Hash table structure

typedef struct dictht { //哈希表
    dictEntry **table;      //存放一个数组的地址,数组存放着哈希表节点dictEntry的地址。
    unsigned long size;     //哈希表table的大小,初始化大小为4
    unsigned long sizemask; //用于将哈希值映射到table的位置索引。它的值总是等于(size-1)。
    unsigned long used;     //记录哈希表已有的节点(键值对)数量。
} dictht;

Hash table node structure

typedef struct dictEntry {
    void *key;                  //key
    union {
        void *val;
        uint64_t u64;
        int64_t s64;
        double d;
    } v;                        //value
    struct dictEntry *next;     //指向下一个hash节点,用来解决hash键冲突(collision)
} dictEntry;

dictionary structure

typedef struct dict {
    dictType *type;     //指向dictType结构,dictType结构中包含自定义的函数,这些函数使得key和value能够存储任何类型的数据。
    void *privdata;     //私有数据,保存着dictType结构中函数的参数。
    dictht ht[2];       //两张哈希表。
    long rehashidx;     //rehash的标记,rehashidx==-1,表示没在进行rehash
    int iterators;      //正在迭代的迭代器数量
} dict;

The dictType type holds pointers to methods for manipulating different types of keys and values ​​in the dictionary.

typedef struct dictType {
    unsigned int (*hashFunction)(const void *key);      //计算hash值的函数
    void *(*keyDup)(void *privdata, const void *key);   //复制key的函数
    void *(*valDup)(void *privdata, const void *obj);   //复制value的函数
    int (*keyCompare)(void *privdata, const void *key1, const void *key2);  //比较key的函数
    void (*keyDestructor)(void *privdata, void *key);   //销毁key的析构函数
    void (*valDestructor)(void *privdata, void *obj);   //销毁val的析构函数
} dictType;

hash algorithm

int integer hash value

unsigned int dictIntHashFunction(unsigned int key)      //用于计算int整型哈希值的哈希函数
{
    key += ~(key << 15);       //~按位取反 ,^按位异或
    key ^=  (key >> 10);
    key +=  (key << 3);
    key ^=  (key >> 6);
    key += ~(key << 11);
    key ^=  (key >> 16);
    return key;
}

When the dictionary is used as the underlying implementation of the database or as a hash key, redis uses the MurmurHash2 algorithm, which can generate 32-bit or 64-bit hash values

conflict&rehash

Redis skiplist (skiplist): ordered collection

The skip table supports average O(logN) and worst O(N) node lookups, and in most cases, the efficiency of the skip table is comparable to that of a balanced tree.

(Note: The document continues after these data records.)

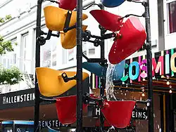 The Bucket Fountain is an iconic kinetic sculpture in Wellington, the capital city of New Zealand. It is located in Cuba Mall, which is part of Cuba Street. It consists of a series of "buckets" that fill with water until they tip, spilling their load into the buckets and pool below. The fountain was designed by Graham Allardice of Burren and Keen and erected in 1969.[1][2]
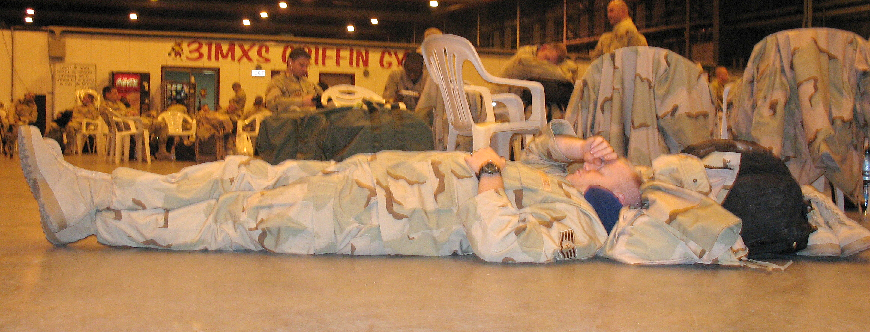 Staff Sgt. James Ward, 15th Civil Engineering Squadron, Hickam Air Force Base, Hawaii, takes a load off at Hangar One Jan. 18 while waiting for transportation to a forward operating location in support of Operation Iraqi Freedom. Sergeant Ward left Hickham Jan. 9 and left Aviano Jan. 20. (Photo by Tech. Sgt. Amy Velasquez)
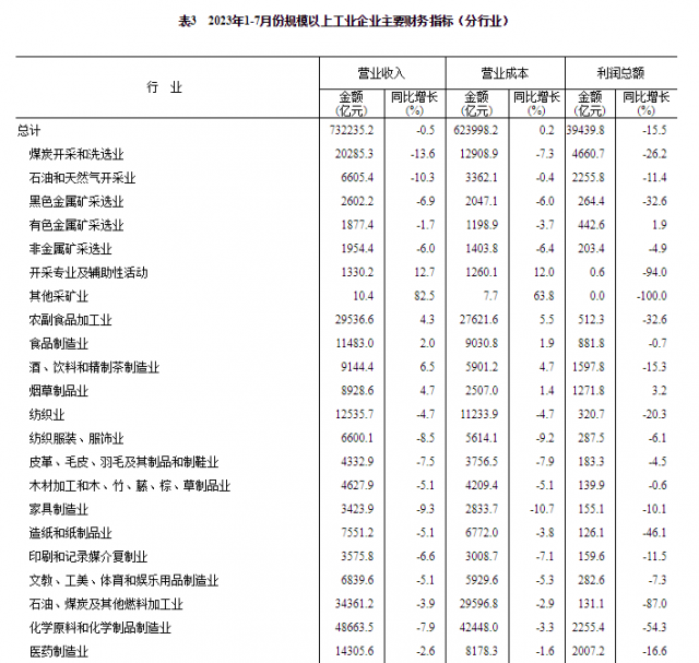 1—7月份,規(guī)模以上工業(yè)企業(yè)實現(xiàn)營業(yè)收入73.22萬億元,同比下降0.5%;發(fā)生營業(yè)成本62.40萬億元,增長0.2%;營業(yè)收入利潤率為5.39%,同比下降0.95個百分點。
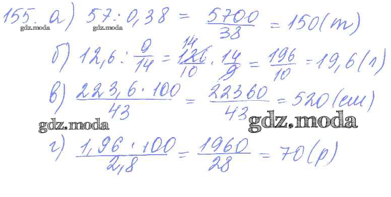 ГДЗ решение к заданию № 155 Математика 6 класс дидактические материалы Чесноков А.С. Академкнига 2014 ФГОС бесплатно на гдз.мода!
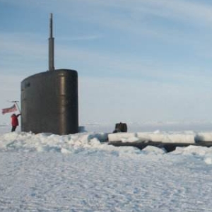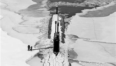 美军核潜艇在北极军演中顶破冰层浮出海面。
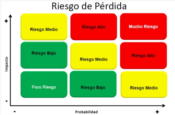 Ahora, para cada riesgo debes valorar dos cosas: la probabilidad de que suceda y el impacto que tiene en la posibilidad que el cliente se vaya si sucede. Lógicamente, antes de empezar estás estimando estos valores, así que no tiene mucho sentido asignar valores numéricos muy precisos. Es preferible usar una escala de tres valores, así:
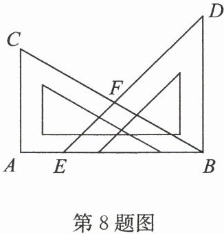 8. 如图,一副三角尺按如图所示放置($∠ C = 60^{\circ},∠ D = 45^{\circ}$),则$∠ DFB = $
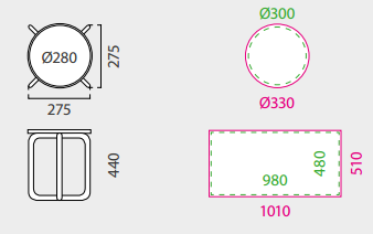 - Dimensions : Ø 280 x 440 mm
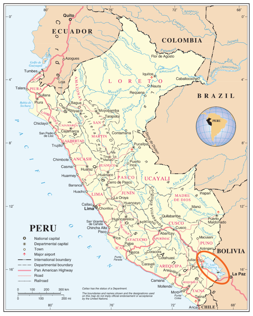 Peru is located in the Western Coast of South America. It is entirely situated in the Southern Hemisphere and faces the Pacific Ocean on the west. Peru is bordered by Ecuador and Colombia to the north, Brazil to the east (the longest border, Bolivia to the Southeast and Chile to the south.
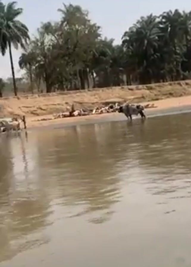 The video depicts a man wading through a river while holding a rifle. The water is murky brown. The man is wearing dark pants and a colorful shirt with an orange patch, and a headband or eye covering. He is walking toward the far bank of the river. In the background, there are several people and canoes. The riverbank is sandy and lined with palm trees and other vegetation. In later shots, a large herd of cattle is seen crossing the sandy bank by the river. The weather appears sunny and clear.
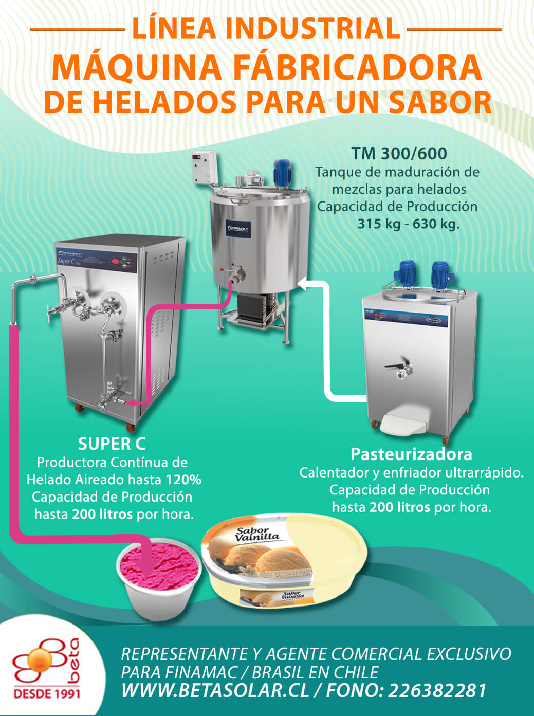 Maquina Industrial Continua para Fabricar Helado Continuo con incorporación de Aire al Helado hasta un 110% SUPER C

Redis integer set (intset)

An integer collection (intset) is one of the underlying implementations of collection keys. Another implementation of the set key is a hash table with an empty value. Although the hash table is used to add and delete elements to the set, determine whether the element exists, etc., the operation time complexity is O(1), but when the stored element is When the integer type has a small number of elements, if it is stored in a hash table, it will waste memory, so the integer set (intset) type exists because it saves memory.

Redis Compression List (ziplist)

A ziplist is one of the underlying implementations of hash keys. It is a specially coded doubly linked list, and like an integer set (intset), it is designed to improve memory storage efficiency. When the saved object is a small integer value, or a string with a short length, then redis will use the compressed list as the implementation of the hash key.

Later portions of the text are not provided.